Page 1 of 1 [ 4 posts ] 

IntellectualCat
Pileated woodpecker
Pileated woodpecker

User avatar

Joined: 24 Oct 2013
Gender: Male
Posts: 175

09 Apr 2015, 12:09 pm

I have been forced to socialize. People keep on trying to explain to me that I need to do it because they don't want me to be totally lost when I go to college. Also, they for some reason think I want to avoid all social interaction. That is not true; if it is truly necessary, I would do it if I'm doing emotionally well.

I have gotten forced into making commitments because of this. I have gotten into situations in which I had to break those promises. One time, I promised to socialize at any opportunity because I was convinced that would be good for me. However, I ended up being seriously drained after doing it for a while.

They often say socializing will become more comfortable for me after doing it a lot, but when I made that commitment, I never became more comfortable doing it.

This one of the things that is responsible for my low self-esteem. What they are doing makes me feel like there is no place for me in society, as I am nonconformist (though that part has been resolved) and am extremely introverted.

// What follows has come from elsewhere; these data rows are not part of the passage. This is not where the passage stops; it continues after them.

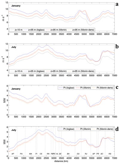 Along-coast variability of wind speed and turbine power. The x-axis represents the distance (km) along the Brazilian coast, from its northern limit at Amapá (AP, left) to its southern end at Rio Grande do Sul (RS, right). Panels (a,b) are wind magnitudes at z = 10 m and at the hub height (z = 95 m), computed with three different methods for January and July, respectively. Panels (c,d) are power distributions estimated from SE 6.2 power curve and three methods for January and July, respectively. Labels refer to the logarithmic extrapolation method (log-law, ), the Monin–Obukhov (Monin, ) and Monin–Obukhov with density correction (Monin-dens, ). All quantities were averaged along the sectors shown in Figure 1 up to depths of 100 m. States names are listed in the legend of Figure 1.
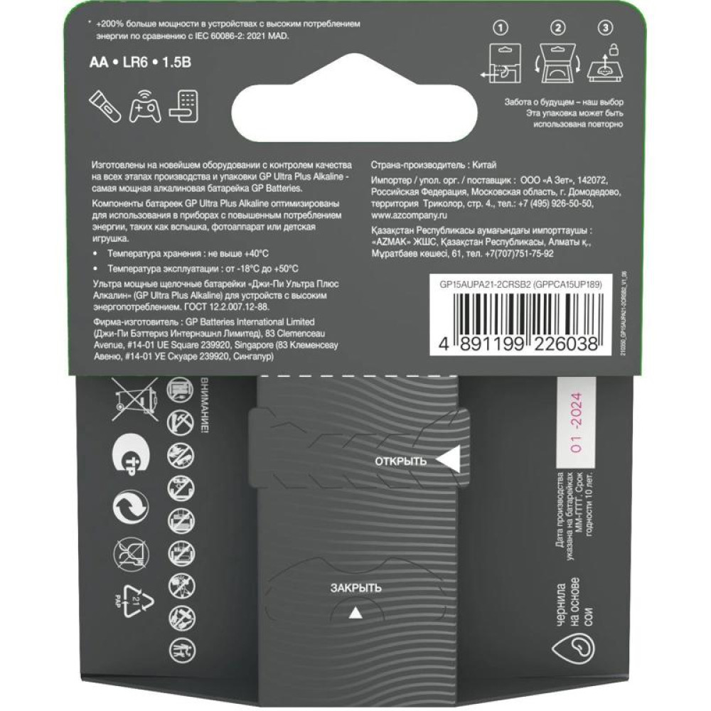 Батарея GP Ultra Plus Alkaline 15AUPA21-2CRSB2 AA (2шт) блистер
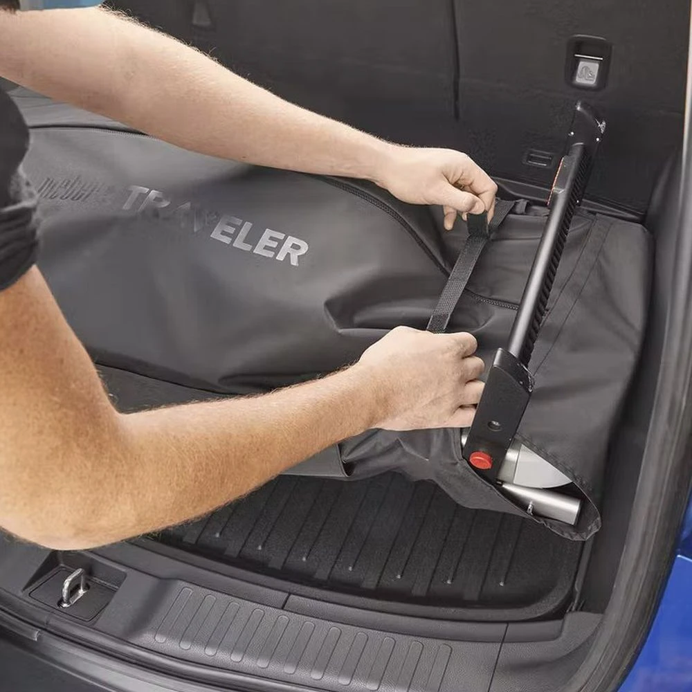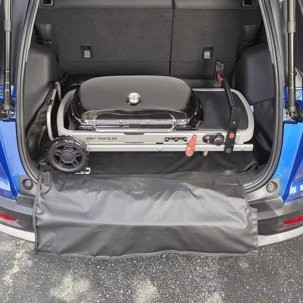 Protect your vehicleÆs interior from grease and grime when youÆre grilling on the go with the Weber Traveler grill. The cover is designed to fit snug around the Weber Traveler to contain grease and residue, allowing other items in your cargo space to remain clean during transport. The protector includes convenient storage for grilling tools and it folds flat and small for compact storage when not in use.
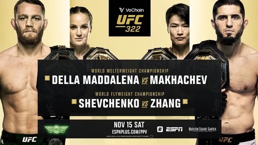 В ночь на 16 ноября на культовой арене Madison Square Garden в Нью-Йорке (США) пройдет турнир UFC 322. Ислам Махачев может стать первым российским бойцом, кто взял пояс в двух дивизионах, но для этого ему предстоит справиться с Джеком Деллой Маддаленой – чемпионом в полусреднем весе. Вейли Жанг поднялась в легчайший вес к Валентине Шевченко с такой же целью – взять титул во втором весе. Также нас ждут бои с участием Романа Копылова и Байсангура Сусуркаева. MMA.Metaratings.ru рассказывает о дате и карде UFC 322, где смотреть поединки и отвечает на главные вопросы о турнире...

Ironically, that makes me want to avoid social interaction even when I have to, which isn't the case when I'm not dealing with issues like this.

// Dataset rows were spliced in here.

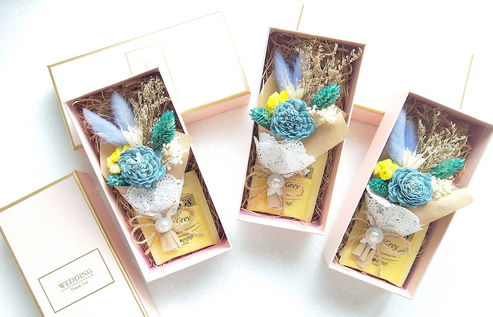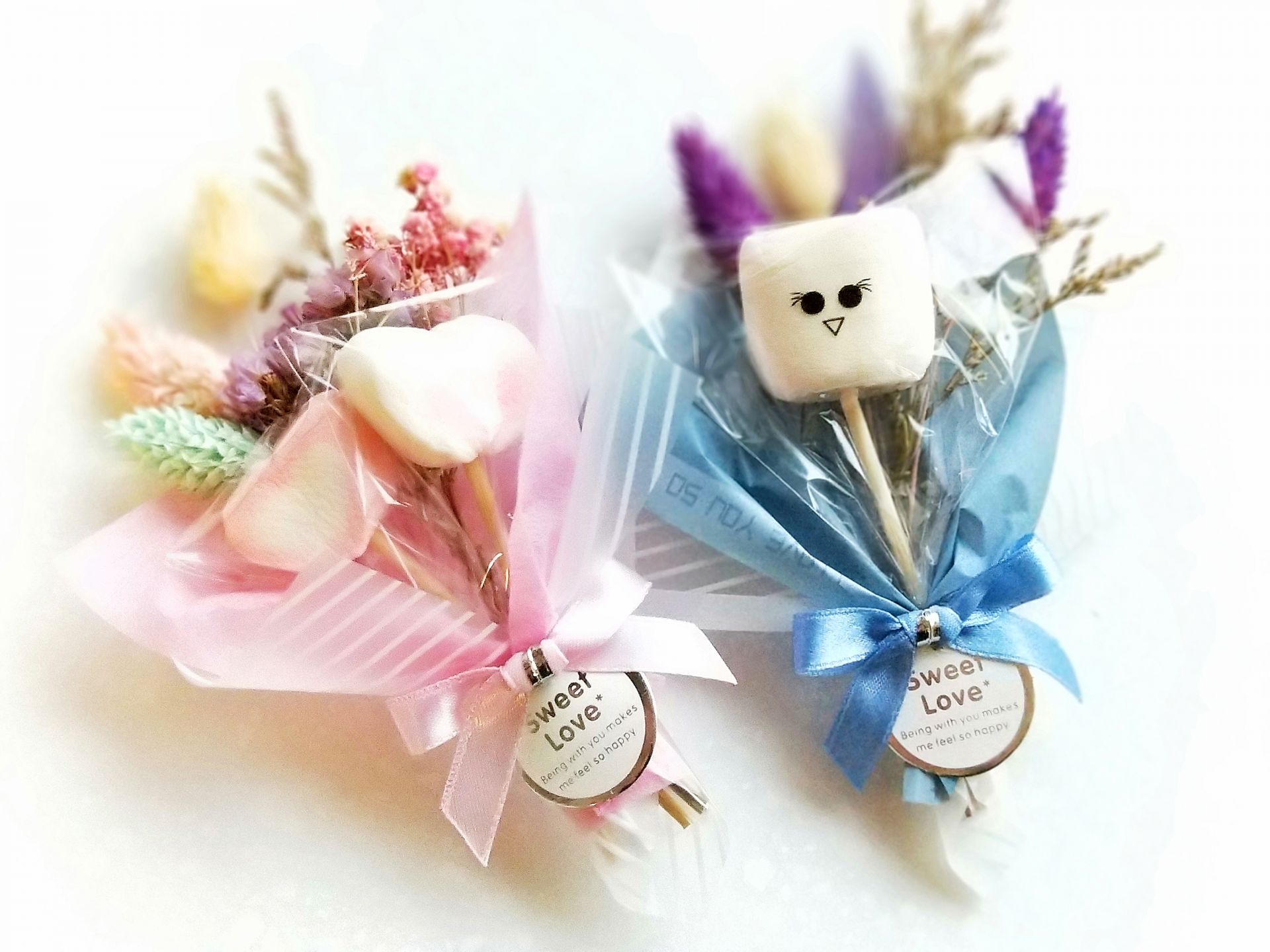 不僅Candy bar可做婚禮小物,結合乾燥花搭配喜糖,製作可愛的乾燥花婚禮小物
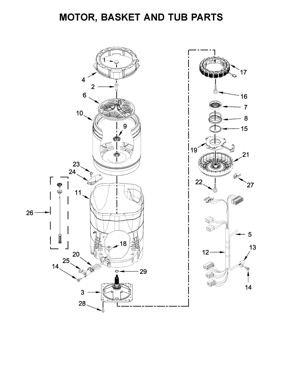 The ring-tub is subjected to rotational forces and vibrations during each cycle. Causes of a bad ring-tub include cracks, chips, or other damage due to stress and wear over time. Loose fasteners, broken mounting tabs, or a misshapen structure are also signs it needs replacement.
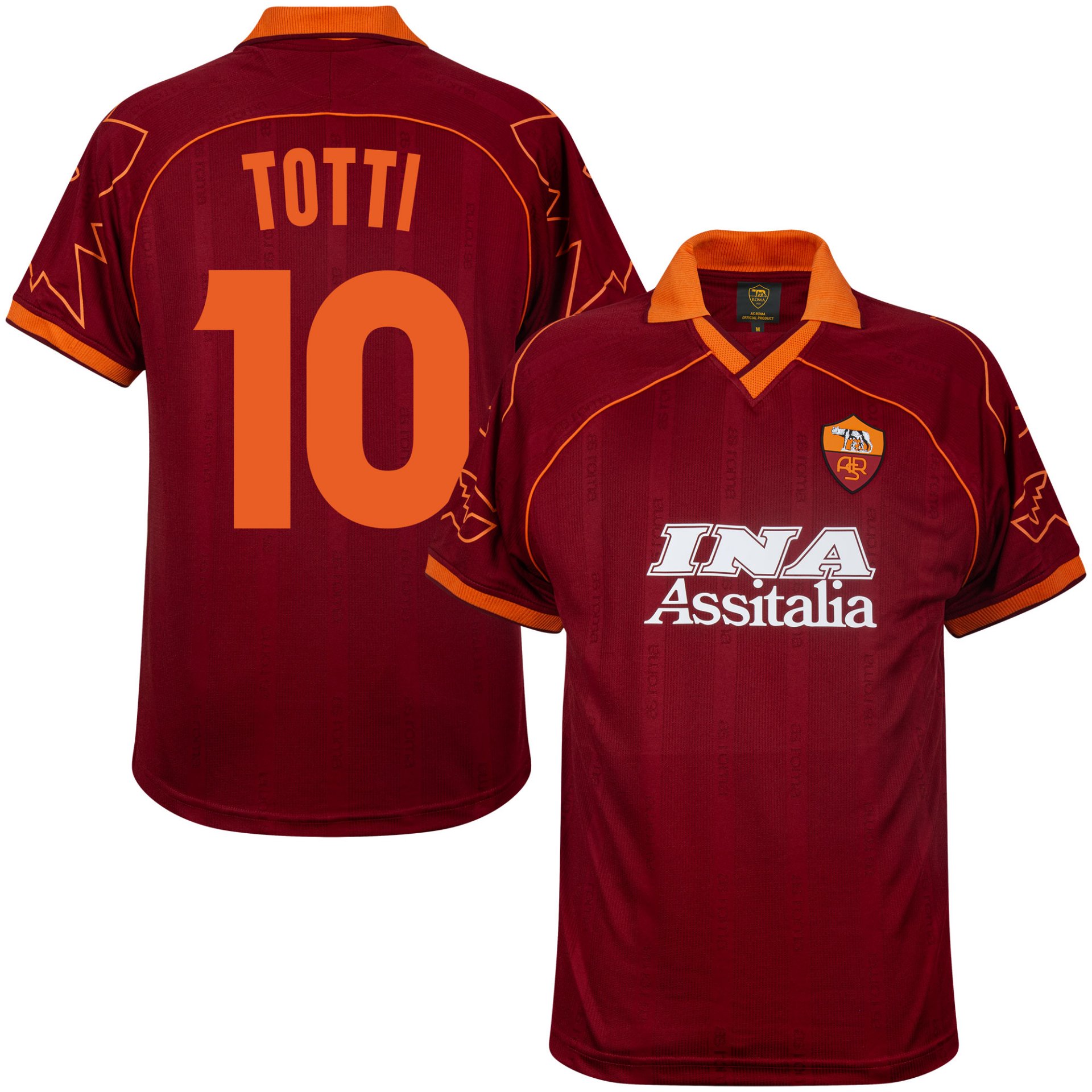 Maillot de football rétro AS Roma 1999–2000 de COPA Football, issu de la collection officielle de l’AS Roma. Le dos est orné du flocage de la légende de l’AS Roma, TOTTI (10). Ce maillot rétro de l’AS Roma est basé sur le maillot domicile porté par l’AS Roma lors de la saison 1999/00. Ce maillot de football rétro AS Roma possède des manches courtes et arbore la couleur rouge foncé traditionnelle. Il se distingue par le loup romain orange présent sur les deux manches. Le col polo et les liserés sont de couleur orange. Le nom de l’ancien sponsor, INA Assitalia, figure au centre de la poitrine. Sur la poitrine gauche se trouve le logo du club de football de Rome avec le célèbre loup romain. Ce maillot de l’AS Roma a été porté par des joueurs tels que Montella, Totti, Delvecchio, Cafu, Aldair, Nakata et d’autres stars.

I'm not sure how to explain to them that forcing me to socialize is creating problems.



starkid
Veteran
Veteran

User avatar

Joined: 9 Feb 2012
Gender: Female
Posts: 5,812
Location: California Bay Area

11 Apr 2015, 9:33 pm

You could simply say, "forcing me to socialize is creating problems for me." Although I doubt that anyone is literally forcing you.



xenocity
Veteran
Veteran

User avatar

Joined: 8 Dec 2014
Age: 40
Gender: Male
Posts: 2,282
Location: Metro Detroit Michigan

11 Apr 2015, 9:35 pm

They aren't wrong...!

You do need to learn how to network at the very least by the time you declare a major.


_________________
Something.... Weird... Something...


superpentil
Sea Gull
Sea Gull

User avatar

Joined: 22 Sep 2014
Gender: Female
Posts: 203

11 Apr 2015, 9:40 pm

In situations like those, I just refuse and ignore to the best of my abilities. There is no point in faking things like if I want to socialize or not. There are ways to get by without talking to people. In fact, the times I do socialize I realize that is was a huge waste of time and effort, as well as sometimes I end up either doing stuff for others or somehow getting screwed over in/by some sort of deal.

I highly recommend not socializing if possible.


_________________
"Sometimes I've believed as many as six impossible things before breakfast."